The IPP organises masterclasses and workshops with renowned professors and researchers from around the world. They share their current research with our candidates and discuss contemporary developments in literary theory and history from different perspectives. Some masterclasses are organised as part of the defence of one of our candidates, creating synergies that benefit all members of the centre.

 

Previous masterclasses, keynote lectures & workshops

Dr. Katarzyna Macedulska (Adam Mickiewicz University, Poznań, Poland) 

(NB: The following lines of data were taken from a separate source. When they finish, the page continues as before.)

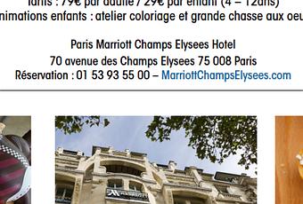Le dimanche 27 mars 2016, le Paris Marriott Champs Elysees vivera au rythme des festivités pascales. Quelques lapins et oeufs viendront s'ajouter subtilement à la décoration de l'hôtel pour surprendre les clients. En cuisine, les chefs concocteront des mets phares de Pâques pour célébrer cette fête dans la tradition. Ils inviteront également les convives à plonger dans l'univers passionnant du cacao avec de merveilleuses créations chocolatées. Ce délicieux brunch pourra, si le temps le permet, être dégusté en extérieur sur la terrasse de l'hôtel.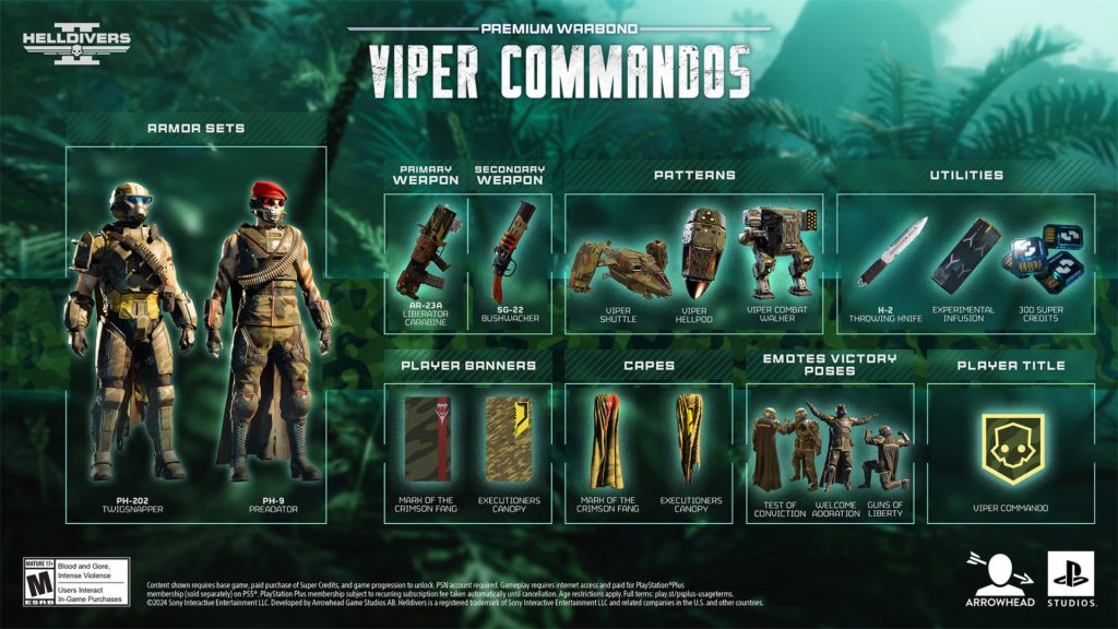 Arrowhead Studios recently revealed the next premium Warbond coming to Helldivers II. Set to arrive on the 13th of June, The Viper Commandos Warbond includes a bunch of cool new items, including a throwing knife; vehicle cosmetics; capes; armour; guns and more.
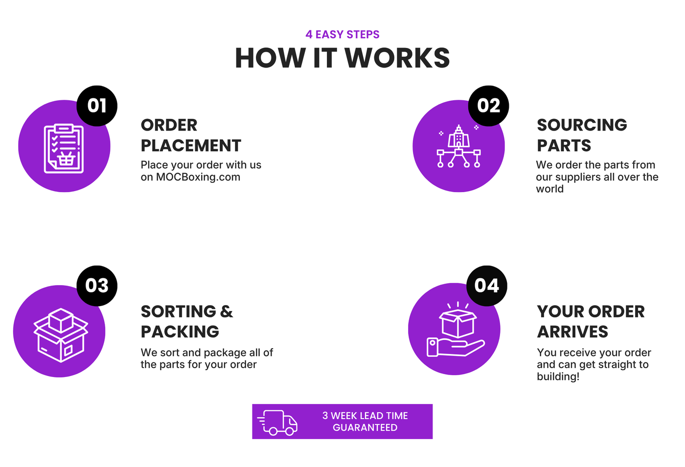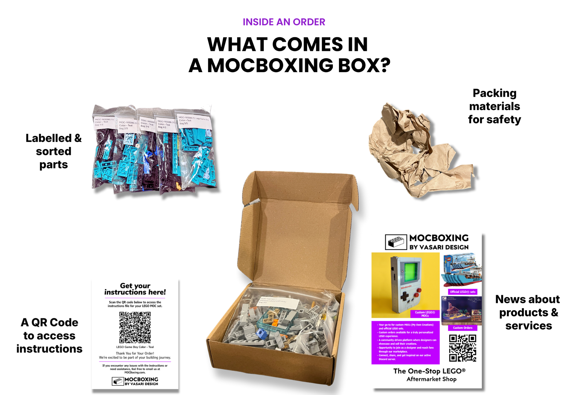Add any MOC to your cart and receive everything in one box — sorted, complete, and ready to build.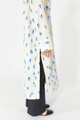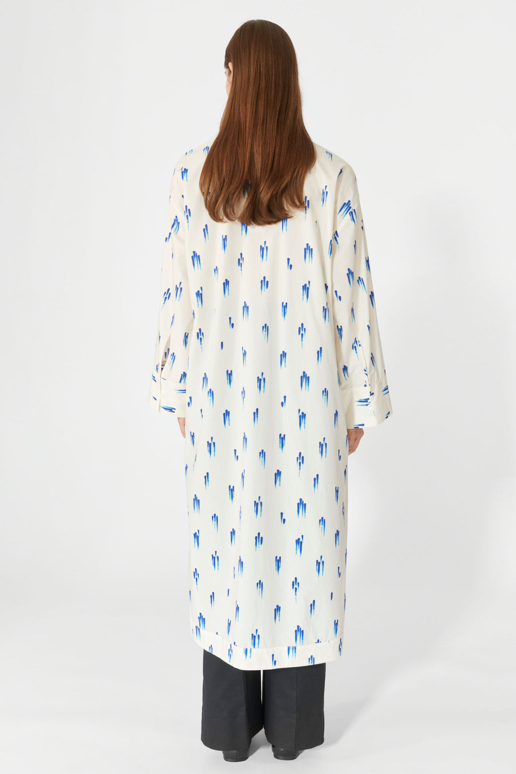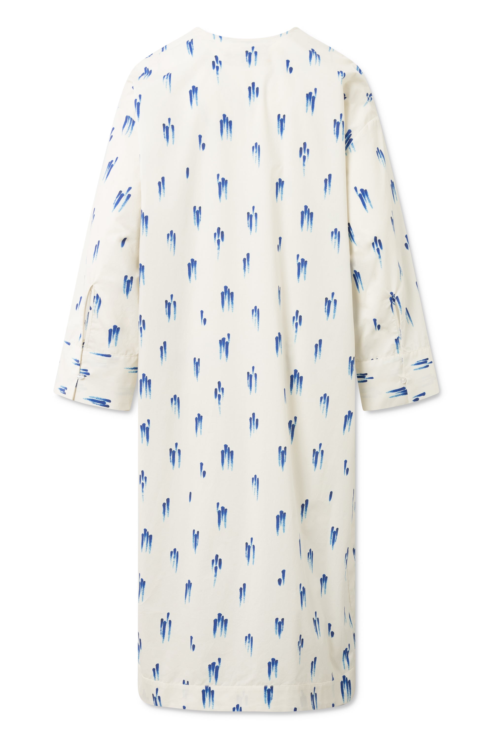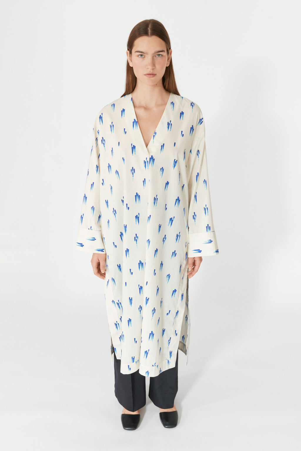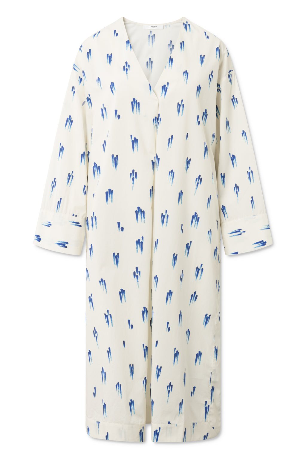 Skøn kjole med V-udskæring og læg foran. Langærmet med manchetter og høje slidser i sidesømmene. Looket er løst, afslappet og oversized.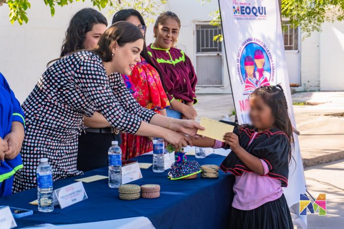 MEOQUI.- “La entrega de esta beca a 10 alumnos no es solo recurso o dinero, es una forma de incentivarlos y motivarlos para que sigan estudiando y se sigan superando”, así lo dijo la alcaldesa Miriam Soto, quien encabezó la entrega de las becas “Napawika Venebo” correspondientes al mes de septiembre a alumnos de la comunidad Rarámuri de la Escuela indígena Niños Héroes, buscando evitar la deserción escolar dentro de este sector de la población.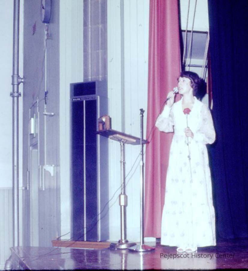 A 35 mm color slide of Louise Ouellette Caron singing at the 1977 Miss Teen Queen Pageant. The slide is marked, "Jul 77" and "5."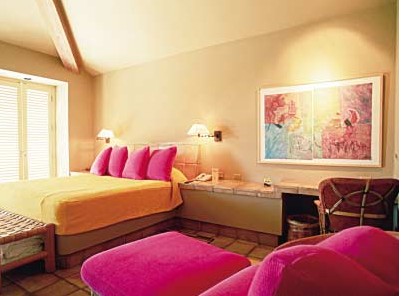 在色輪上找一個你最有感覺的紫色,那么與它相鄰的紫紅色和藍紫色都是它的協(xié)調色。如果再加上這三個顏色還有不同深淺的明度,你就可以在眾多協(xié)調色中找到最舒服的方案。在這個方案里,屬于基礎部分的墻壁、床蓋和靠枕都是紫色,只不過明度都很淺。而布藝床頭和長毛批毯分別是紫紅色和藍紫色。當大的用色環(huán)境被定格后,那些條紋靠墊,裝飾畫和花瓶等各種用品都會圍繞這個原則,深深淺淺地穿插在各個角落里。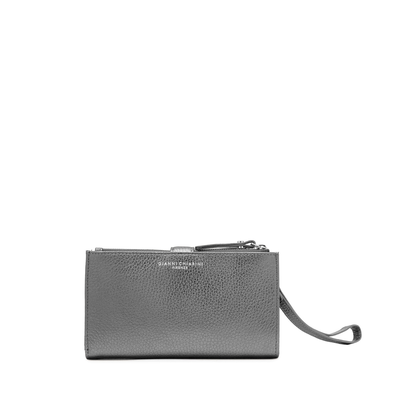This Gianni Chiarini Firenze wallet, made of laminated hammered leather, combines elegance and functionality. The zip closure, press-stud flap, and multi-purpose pockets ensure practicality and security. Equipped with a removable wrist strap and an adjustable shoulder strap, it can be worn on the wrist or crossbody for unique versatility. Size: 18.5x8x2 cm.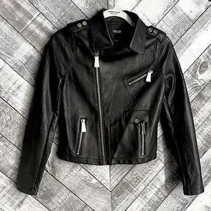 MAJE NWT Women’s Black Leather Jacket.Size 36 (4)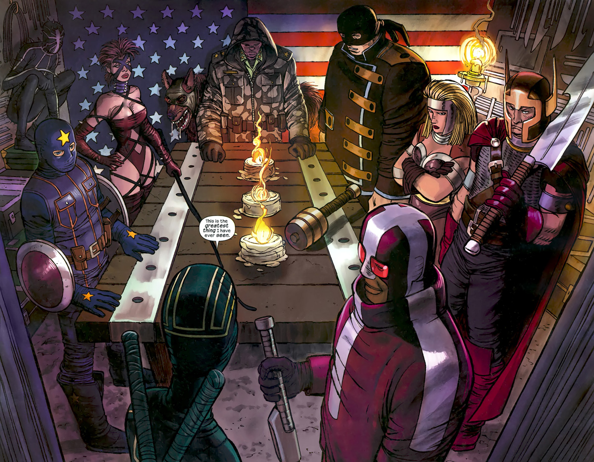 Here’s the new superhero team as they are revealed in the comic book, spoilers obviously if you want to go in cold. Gravity is the purple and white suited dude at the front. Click it if you want it big and in your face.

Workshop: Literature in the Last Best Place: Montana’s Nature Writing

29.10.2025, 14.00 - 16.00 - SR 109 (GGK/GCSC Building)

 

This workshop offers participants an immersive exploration into the rich literary landscape of Montana, emphasizing the deep connection between place and writing. Starting off with some geographical, historical, and cultural facts about the Big Sky Country, we will go on to explore its place-based storytelling: both the treasured beauty and some harsh realities. From the established canonical writers, such as James Welch (i.a. Fools Crow, 1986; Winter in the Blood, 1974), William Kittredge (i.a. Hole in the Sky, 1992; We Are Not in This Together: Stories, 1984), and Annick Smith (Homestead, 1995; Crossing the Plains with Bruno, 2015; co-producer of A River Runs Through It, 1992) to the most contemporary authors such as Bryce Andrews (i.a. Down from the Mountain, 2019; Holding Fire, 2023) and Chris La Tray (Becoming Little Shell, 2024), we will discuss the issues of land ethics, wilderness and preservation, exploitation and restitution, all of which are connected with the meta-questions of identity, belonging, and care. More than that, we will focus on the intricacies of human-nature connection by looking into how Montana writers have used literature to interrogate, challenge, and reimagine the human-nature binary, and how environmental concerns are recognized, exposed, and acted upon through narrative and reflective forms. The intricacies of human-nature relationships will also be analyzed in terms of human histories and social complexities, particularly the fraught history of conflict and coexistence between settlers and Indigenous peoples. We investigate how writers have contextualized and represented their regional challenges in time and what responses and solutions emerge from their texts. A few short texts will be distributed before the seminar to make participants acquainted with the subject. Also, our workshop will certainly benefit from active involvement, and I would like to receive questions referring both to the general subject of environmental criticism and to the particular theme of our workshop, as well as the provided text fragments.

 

 

Prof Rolf J. Goebel (University of Alabama) 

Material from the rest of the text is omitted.